Agora eu entendo que quem caminha na luz de Deus será sempre socorrido, a ajuda vem por meios inesperados. Agora eu entendo que preciso descobrir qual a vontade de Deus para a minha vida e para descobri-la eu preciso estar atenta à Palavra, ouvi-la, me revestir de Jesus tomando para mim as intenções dEle, procurar agir como Ele agiria naquela determinada situação para poder fazer a coisa certa.

Não é fácil, e eu tomo muitas quedas. Mas tomei a decisão de não deixar que nada e nem ninguém interfira no meu amor pela verdade da Palavra de Deus. Procuro receber a efusão do Espírito Santo de Deus para ter força interior e ser capaz de enfrentar todas as tribulações, todas as agressões, todas as tristezas, todas as decepções, todo o desamor e falta de confiança que me cercam todos os dias da minha vida.

 Eu resolvi entregar a minha vida a Deus, eu não sei qual é o seu desejo, mas tenho procurado dialogar com Ele no silêncio do meu coração tão combalido pelas dores, pelo sofrimento e pela desesperança. Com ele tenho aprendido a banir da minha cabeça os maus pensamentos, pois tenho certeza de que se eu procurar viver bem a minha vida hoje, se eu for prudente e procurar fazer as coisas de forma honesta, se eu pagar com o bem o mal que eu recebo, se eu for ao encontro de alguém que me prejudicou e liberar o perdão, se eu me conformo no Senhor, eu creio que poderei me alegrar e exultar no meu futuro, meus dias serão abençoados e muito em breve estarei agradecendo a Deus por todas as tormentas pelas quais estou passando.

Decidi entregar os meus problemas a Deus, confiar nele e não em pessoas de posses, no meu próprio poder ou nos poderes de outras pessoas: o que tiver que ser, será, eu não poderei fazer nada para mudar.

Quem confia em Deus permanece firme no vai e vem das tribulações, pois somos inclinados a nos enganarmos e colocarmos nossa confiança em coisas passageiras. Hoje, peço a Deus que mantenha a minha Fé inquebrantável naquilo que eu não posso ver, que eu tenha a força da Fé no Poder de Deus sobre a minha vida, sobre as nossas vidas, pois nossa força e vitória vem dEle e somente dEle.
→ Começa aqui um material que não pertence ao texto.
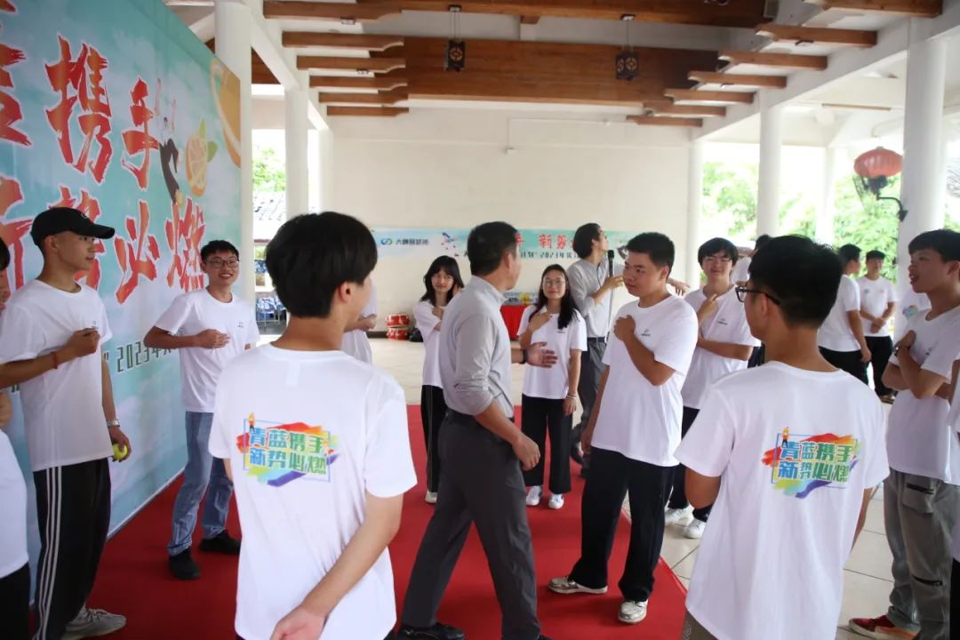 珠海市技師學院智能控制系主任游洲及智能控制系畢業(yè)實習主管老師萬晨也出席本次實習生拓展活動,關注實習生們現(xiàn)場表現(xiàn)。游洲主任作為校方代表發(fā)言,向?qū)嵙暽鷤冊诔跞肼殘鎏岢鲂乱螅膭畲蠹铱焖僬J識公司,了解公司業(yè)務發(fā)展,時刻保持學習,注重個人成長和發(fā)展。

E foi assim que Deus me preparou para receber o câncer do meu marido: com confiança de que tudo vai dar certo, ele vai se sair bem dessa, se Deus está conosco quem poderá ser contra nós?

Essa é a minha verdade: Cristo – Caminho, Verdade e Vida.

Por isso não acredito na verdade dos homens: tudo passa, tudo passará, mas a misericórdia de Deus não faltará.

O poder de tudo que sustenta o que nos cerca e interfere nos nossos caminhos está nas mãos do Pai, por isso peço a Deus que tudo que é ruim e triste não permaneça mais junto a mim, que seja repreendida em nome de Jesus toda discórdia, todas as maldades, toda a inquietude, todos os problemas financeiros, que seja repreendido e afastado de minha vida todos aqueles que nela se infiltraram para o mal e pelo mal, pelas mãos do encardido – eu proclamo que o mal não permanecerá na minha vida, ele por si só se desmantelará e será destruído. Peço a Deus que eu não esqueça nunca de agradecê-lo por todas as bênçãos de nossas vidas: nossos filhos, nossos pais, nossa família e todas as graças de Deus ao longo do tempo que vivi até aqui e por todas as graças que Ele ainda me fará alcançar, pois bem conhece os desejos do meu coração: que seja feita a vontade de Deus – qualquer que seja ela.

Glórias a Deus por tudo que acontece em nossas vidas, pois, tanto as coisas boas, quanto as coisas más, acontecem para o nosso crescimento como filhos do Pai.

Essa é a verdade com a qual eu tenho procurado inundar o meu coração. As outras ‘verdades’, o tempo de Deus vai apagar.